YOUR OBJECTIVE |
Reproduce the listing below in full and exactly; no pictures belong in the copy.

COLLECTED MATERIAL |
^^^^

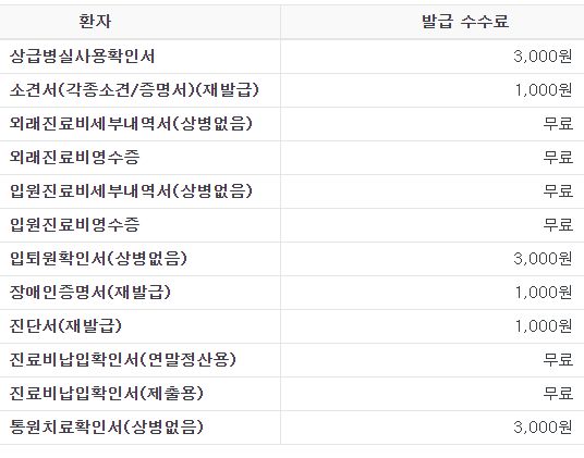 ㅡ 의무기록사본 발급 수수료 : 5매까지(1매당 1,000원 / 6매부터 1매당 100원)
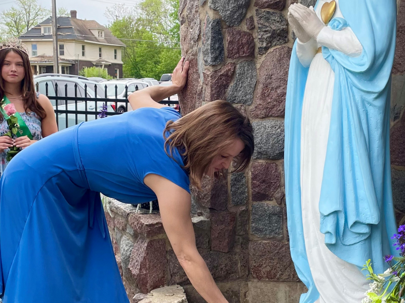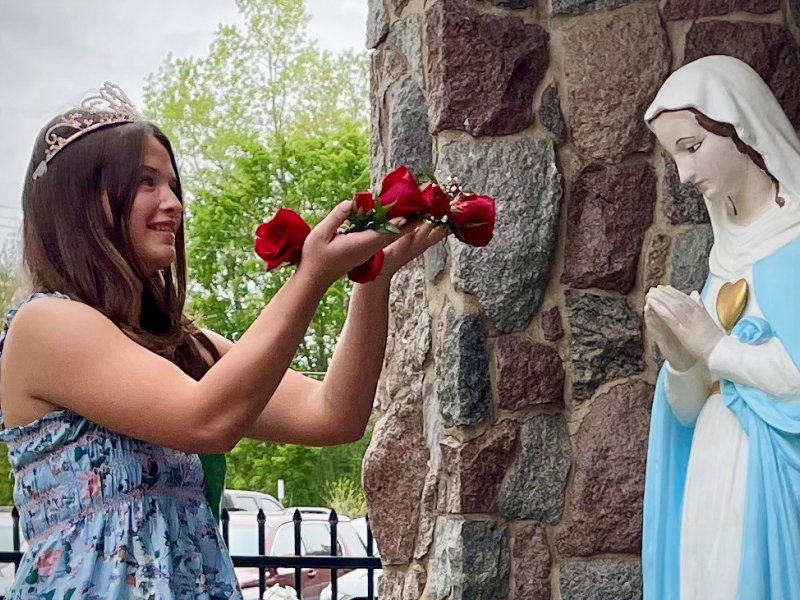 Our Lady was crowned by Miss Gracie Spezia who is Miss Hibernian, a title bestowed upon her by the Flint Chapter of the Ancient Order of Hibernians who are financial supporters of Catholic Charities.
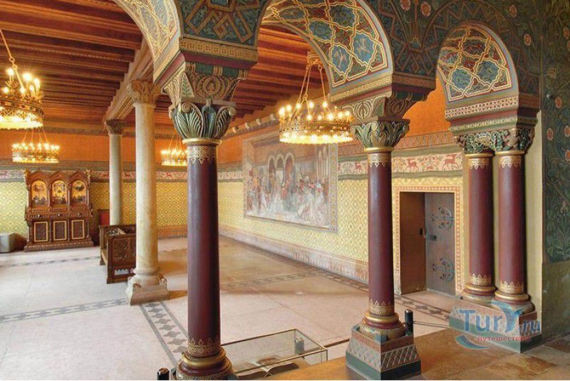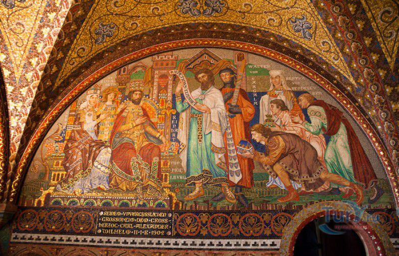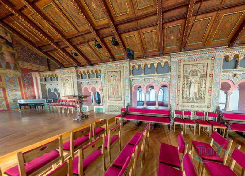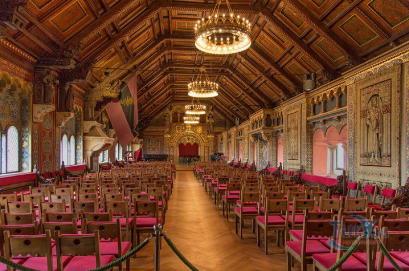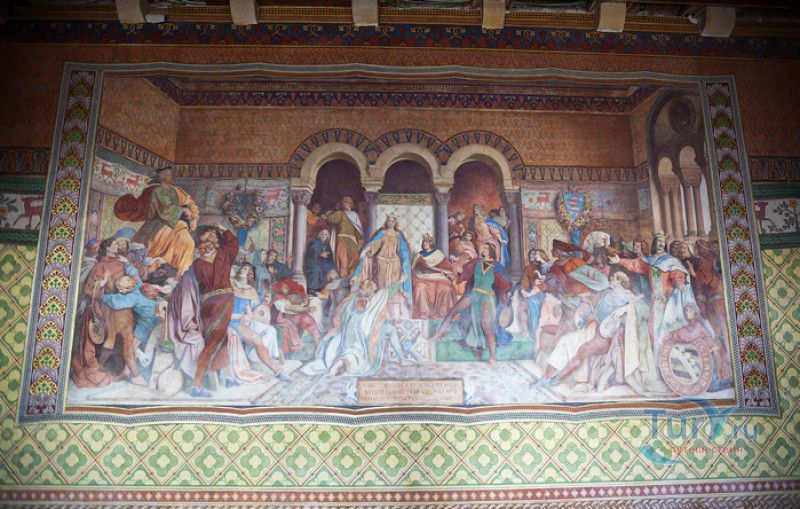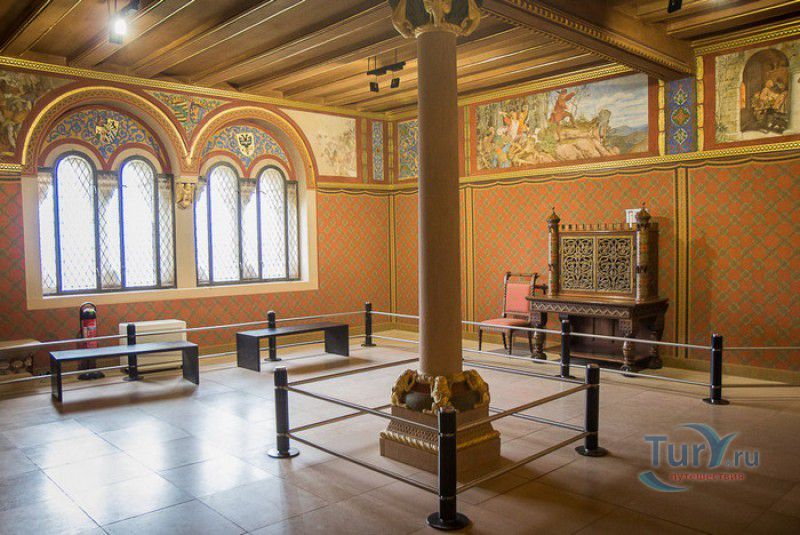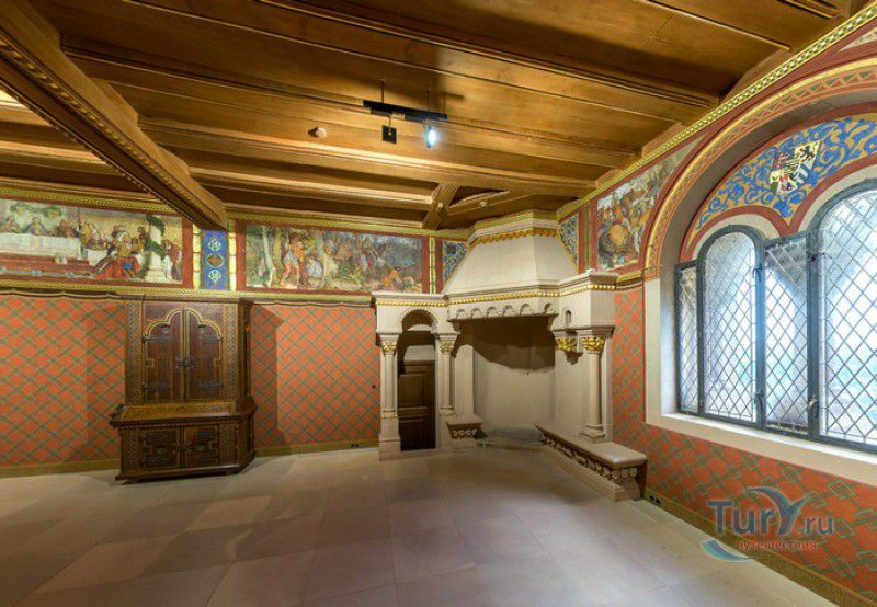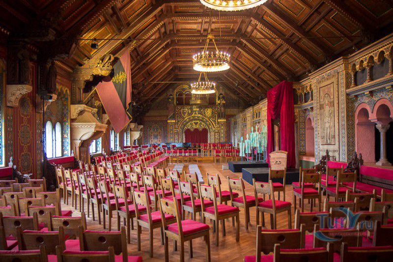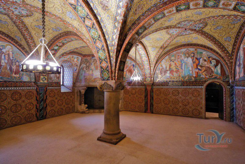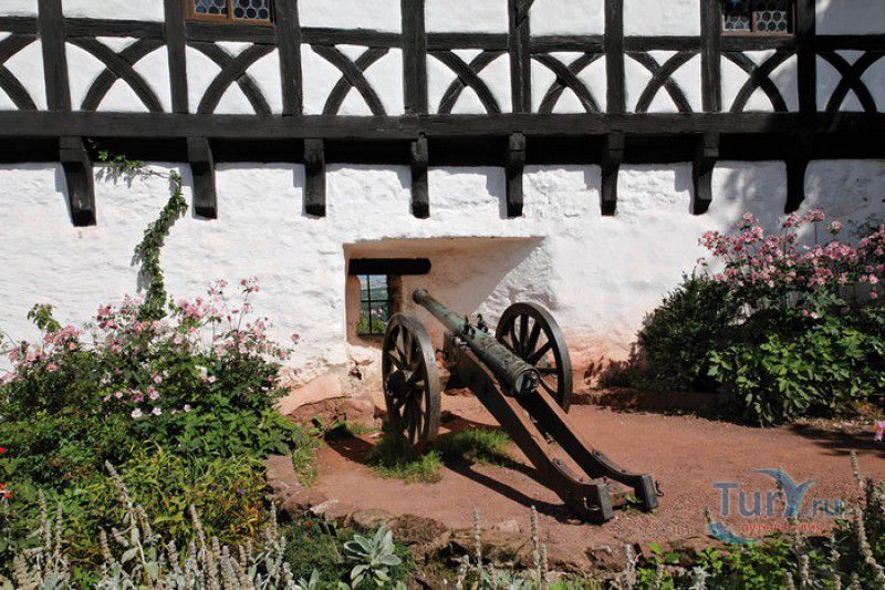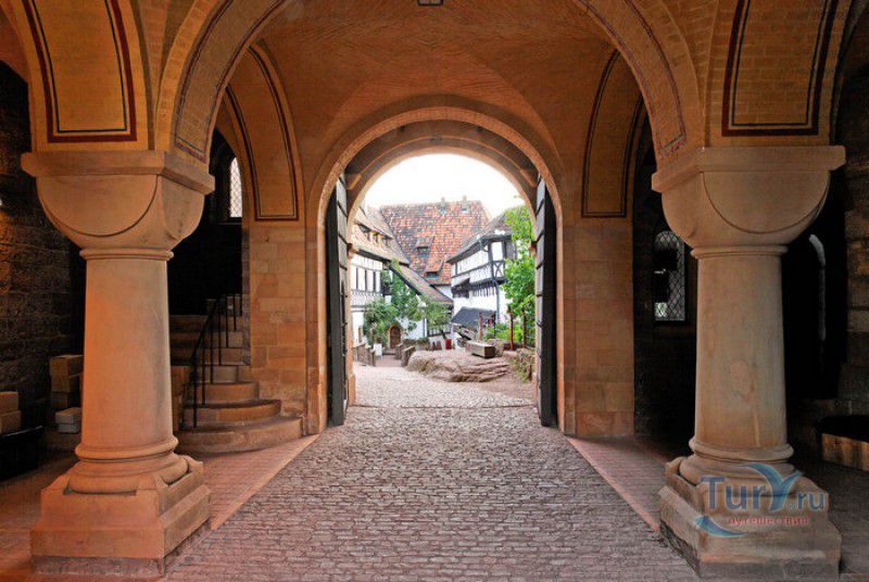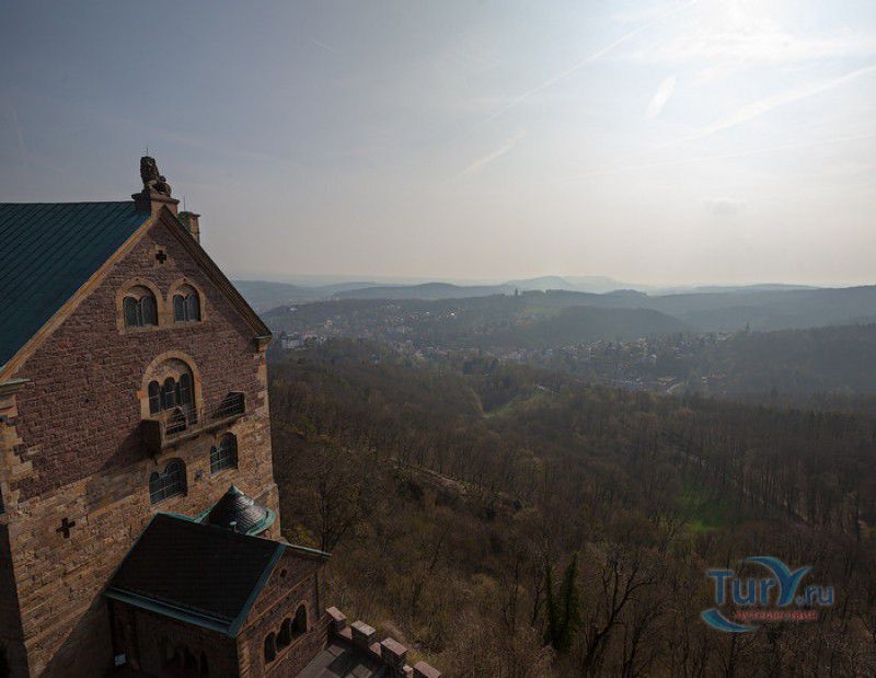 Замок Вартбург - один из самых известных средневековых замков Германии. Он расположен на северо-востоке Германии, в Тюрингии, недалеко от города Айзенах. Вартбург называют "самым немецким и самым мистическим из всех немецких замков" - именно в его стенах впервые была озвучена идея объединения разрозненных германских земель, а вся история замка неразрывно связана с историей Германского государства. В эпоху Средневековья миннезингеры (поэты-музыканты из рыцарского сословия) устраивали в замке поэтические соревнования, наиболее известное из которых - "Вартбургская война", состоялось в 1206 году. По легенде, в состязании приняли участие шестеро "певцов любви" - проигравшего ожидала смерть. Говорят, что от гибели проигравшего менестреля с помощью колдовства спасла жена владельца замка - Софья фон Виттельсбах. Сам великий Рихард Вагнер спустя столетия сделал эту историю сюжетом своей оперы "Тангейзер". В XIII веке в Вартбурге жила Елизавета Венгерская - супруга ландграфа Тюрингии Людвига IV, прославившаяся своей благотворительностью и милосердием. Святую Елизавету Венгерскую особенно чтят в Германии, она считается покровительницей Тюрингии и Гессена. В 1521-1522 годах в Вартбурге скрывался объявленный церковью еретиком и приговорённый к смертной казни Мартин Лютер. Основоположник Реформации, пребывая в глубокой депрессии, утверждал, что в замке его неоднократно посещал дьявол, и, чтобы уберечься от его козней, Лютер занялся переводом на немецкий язык Нового Завета. В 1777 году в замке в течение пяти недель жил великий немецкий поэт Иоганн Гёте. В 1817 году здесь состоялся первый съезд немецких студенческих обществ. Чёрный, красный и жёлтый цвета мундиров студентов впоследствии стали символом свободной и объединённой Германии, а также цветами её государственного флага. В 1938 году в замке, в атмосфере абсолютной секретности, Гитлер встречался с астрологами и ясновидцами, пытавшимися предсказать судьбу Третьего рейха. Известно, что составленный астрологический прогноз не понравился фюреру - все прорицатели, принимавшие участие в составлении предсказания, исчезли из замка бесследно. Возникновение и название самого замка также связаны с легендой - в 1067 году Людвиг Прыгун, представитель знатного дворянского рода Людовингов, охотился в лесах Тюрингии. Увидев высокую скалу, стоявшую посреди лесной чащи, граф воскликнул: "Подожди, гора! Ты должна нести мой замок!", что на немецком языке звучит как "Wart, der Berg!". В результате на вершине скалы, на высоте 411 метров над уровнем моря, был построен родовой замок Людовингов (в то время - деревянный), получивший название Вартбург. Первое письменное упоминание о нём датируется 1080 годом - в одной из летописей говорится о нападении воинов Людвига Прыгуна на отряд короля Генриха IV, следовавшего мимо замка. В 1155-1162 годах ландграфом Людвигом II на месте деревянного был построен каменный замок, один из первых каменных замков в Германии. Именно этот дворец, по тем временам роскошный и величественный (замок был даже больше императорского дворца в Госларе), сохранился до наших дней. От построек XII столетия остались также восточная часть крепостной стены, ворота и дальняя башня. В 1318 году замок сильно пострадал от пожара, возникшего от удара молнии. Спустя год началось его восстановление - в замке появились большое отапли

^^^^

EXERCISE SOLUTION |
 ㅡ 의무기록사본 발급 수수료 : 5매까지(1매당 1,000원 / 6매부터 1매당 100원)
 Our Lady was crowned by Miss Gracie Spezia who is Miss Hibernian, a title bestowed upon her by the Flint Chapter of the Ancient Order of Hibernians who are financial supporters of Catholic Charities.
 Замок Вартбург - один из самых известных средневековых замков Германии. Он расположен на северо-востоке Германии, в Тюрингии, недалеко от города Айзенах. Вартбург называют "самым немецким и самым мистическим из всех немецких замков" - именно в его стенах впервые была озвучена идея объединения разрозненных германских земель, а вся история замка неразрывно связана с историей Германского государства. В эпоху Средневековья миннезингеры (поэты-музыканты из рыцарского сословия) устраивали в замке поэтические соревнования, наиболее известное из которых - "Вартбургская война", состоялось в 1206 году. По легенде, в состязании приняли участие шестеро "певцов любви" - проигравшего ожидала смерть. Говорят, что от гибели проигравшего менестреля с помощью колдовства спасла жена владельца замка - Софья фон Виттельсбах. Сам великий Рихард Вагнер спустя столетия сделал эту историю сюжетом своей оперы "Тангейзер". В XIII веке в Вартбурге жила Елизавета Венгерская - супруга ландграфа Тюрингии Людвига IV, прославившаяся своей благотворительностью и милосердием. Святую Елизавету Венгерскую особенно чтят в Германии, она считается покровительницей Тюрингии и Гессена. В 1521-1522 годах в Вартбурге скрывался объявленный церковью еретиком и приговорённый к смертной казни Мартин Лютер. Основоположник Реформации, пребывая в глубокой депрессии, утверждал, что в замке его неоднократно посещал дьявол, и, чтобы уберечься от его козней, Лютер занялся переводом на немецкий язык Нового Завета. В 1777 году в замке в течение пяти недель жил великий немецкий поэт Иоганн Гёте. В 1817 году здесь состоялся первый съезд немецких студенческих обществ. Чёрный, красный и жёлтый цвета мундиров студентов впоследствии стали символом свободной и объединённой Германии, а также цветами её государственного флага. В 1938 году в замке, в атмосфере абсолютной секретности, Гитлер встречался с астрологами и ясновидцами, пытавшимися предсказать судьбу Третьего рейха. Известно, что составленный астрологический прогноз не понравился фюреру - все прорицатели, принимавшие участие в составлении предсказания, исчезли из замка бесследно. Возникновение и название самого замка также связаны с легендой - в 1067 году Людвиг Прыгун, представитель знатного дворянского рода Людовингов, охотился в лесах Тюрингии. Увидев высокую скалу, стоявшую посреди лесной чащи, граф воскликнул: "Подожди, гора! Ты должна нести мой замок!", что на немецком языке звучит как "Wart, der Berg!". В результате на вершине скалы, на высоте 411 метров над уровнем моря, был построен родовой замок Людовингов (в то время - деревянный), получивший название Вартбург. Первое письменное упоминание о нём датируется 1080 годом - в одной из летописей говорится о нападении воинов Людвига Прыгуна на отряд короля Генриха IV, следовавшего мимо замка. В 1155-1162 годах ландграфом Людвигом II на месте деревянного был построен каменный замок, один из первых каменных замков в Германии. Именно этот дворец, по тем временам роскошный и величественный (замок был даже больше императорского дворца в Госларе), сохранился до наших дней. От построек XII столетия остались также восточная часть крепостной стены, ворота и дальняя башня. В 1318 году замок сильно пострадал от пожара, возникшего от удара молнии. Спустя год началось его восстановление - в замке появились большое отапли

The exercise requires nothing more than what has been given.